Laloux continues, “In any field, some nurses will naturally have more to offer than others. Some nurses will build up reputations and influence even well beyond their team and are consulted by nurses from across the country on certain topics of expertise.”

My observation is that leadership is NOT a mandated phenomenon, but an observed phenomenon. Give any group of people a problem to solve and a leader will emerge, in Laloux’s words, “naturally.” I believe that natural emergence is consistent with capability measured in timespan. Leadership is an observed phenomenon.
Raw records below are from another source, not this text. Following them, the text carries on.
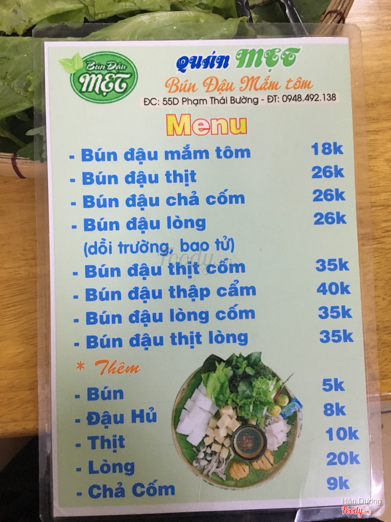 8.0Quán bún đậu mắm tôm đắt khách nhất VLBún đậu mắm tôm Mẹt có vị trí khá dễ tìm, ở đường Phạm Thái Bường, gần trường THPT Vĩnh Long. Menu đơn giản vừa đủ , nhưng lúc nào cũng đông khách là do đâu? - Mắm tôm đã qua nêm nếm lại phù hợp hơn với khẩu vị miền Tây, khi bưng ra mắm tôm lúc nào cũng nóng hổi vừa thổi vừa ăn :)) phù hợp cho mấy bạn team bụng yếu luôn nhen. - Thịt , lòng chế biến sạch sẽ tươm tất , không nghe mùi tanh , chắc chắn sẽ làm hài lòng những vị khách khó tính nhất về khoảng vệ sinh an toàn thực phẩm 👍🏻 . Chả cốm thì bên ngoài giòn bên trong dẻo mềm , cắn vào như tan chảy luôn. Bạn nào ngấy thịt thì recommend chả cốm nhe! - Đậu hủ phải nói là nóng hổi, rán giòn đều tắp lự , bày lên mâm nhìn vàng ươm vô cùng đẹp mắt, nhiều lúc ăn phải cẩn thận bỏng cả lưỡi ))) -Rau tươi , sạch sẽ Menu nước thì đơn giản các món trà chanh , nước ngọt, nhưng đặc biệt là nước sấu Hà Nội (theo mùa mới có) món này nên thử lắm nhe mng 👍🏻 Phục vụ : mấy bạn học sinh - sinh viên thái độ cực kỳ lịch sự , chắc chủ quán cũng training kỹ lắm , phải nói là không có gì phàn nàn dc luôn. Đặc biệt là anh trông xe, lịch sự dịu dàng niềm nở không như những quán khác. 💯 Giá cả : hợp lý ...Xem thêm
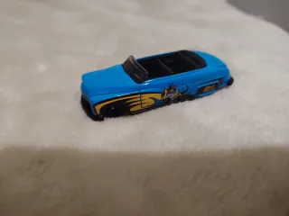 Coche de juguete Hot Wheels con diseño de Batman. - Color azul vibrante. - Detalles gráficos de Batman y llamas. - Modelo descapotable.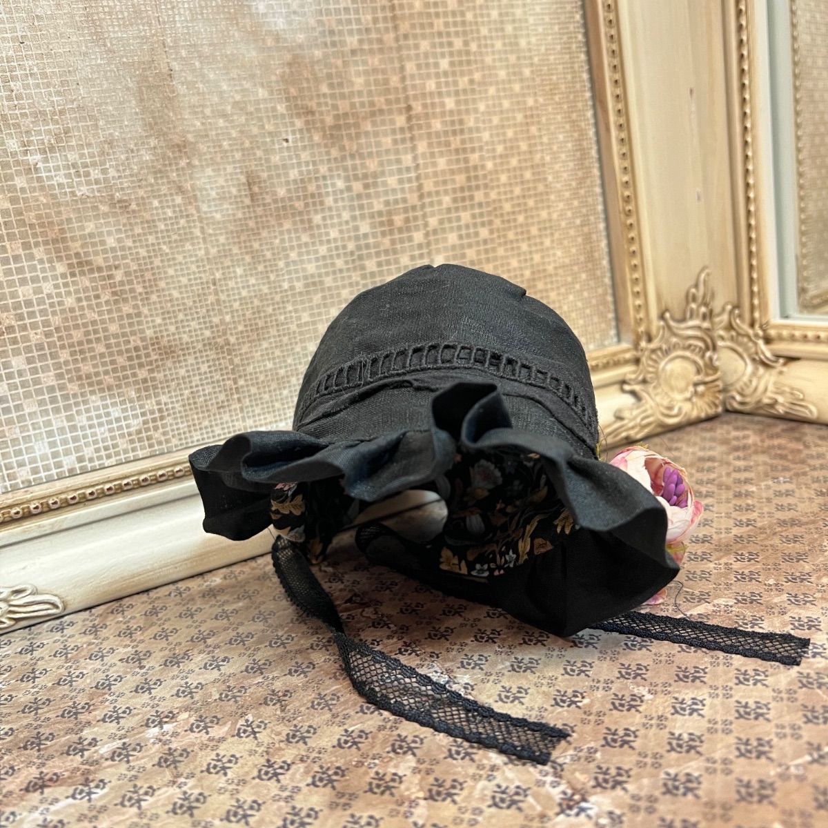 黒リネンのお帽子のセットになります。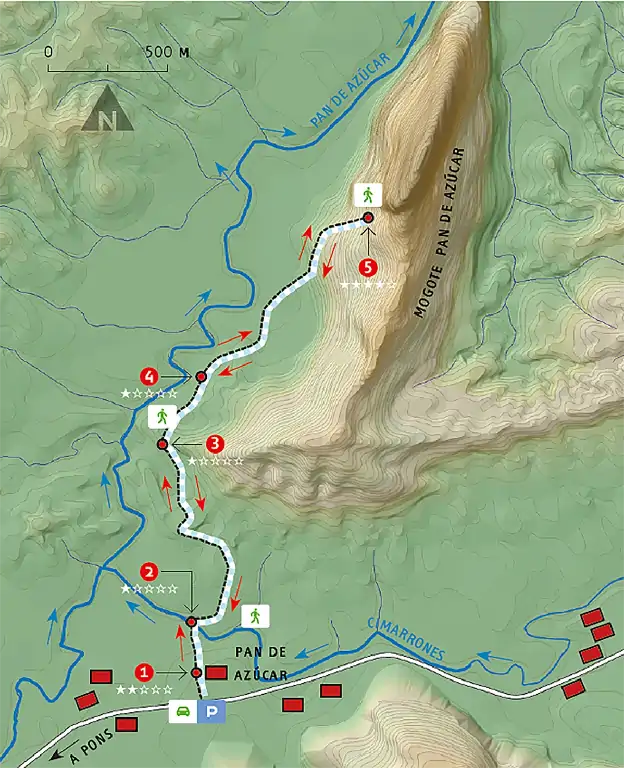 Para realizar este itinerario, hay que desplazarse, en un vehículo, hasta Pons (extremo occidental) y adentrarse por el Valle del Silencio en dirección noreste. Al final del valle se estaciona el vehículo y se sigue a pie hasta la loma occidental del mogote Pan de Azúcar. En este trayecto se puede disfrutar del paisaje singular y poco conocido del valle del Silencio y del mogote Pan de Azúcar. La senda cruza el río y asciende lentamente hasta la parte occidental de Pan de Azúcar, por un torrente empinado con numerosos ejemplares de «quesos» de carbonato cálcico y fósiles.

I am reminded (thanks to Bruce Peters) that “the concept of Teal is not to be structure-less or for that matter leader-less.” My thoughts conclude there is plenty of leadership on display AND it is occurring in a natural hierarchy. Laloux would describe this as a hierarchy of “recognition, influence, and skill.” I would press and call this a hierarchy based on capability, and this capability drives both context setting and ultimately accountability. Elliott would describe it as an accountability hierarchy. Note that all of these descriptions of hierarchy are absent the word power.

I assume that in many cases power and hierarchy are named hand in hand. Laloux has gently teased them apart so that we can see the difference. But now we have to deal with another “A” word. With accountability goes authority. So how do we address an understanding of authority without the menacing connotation of power-mongering? I suppose that is next?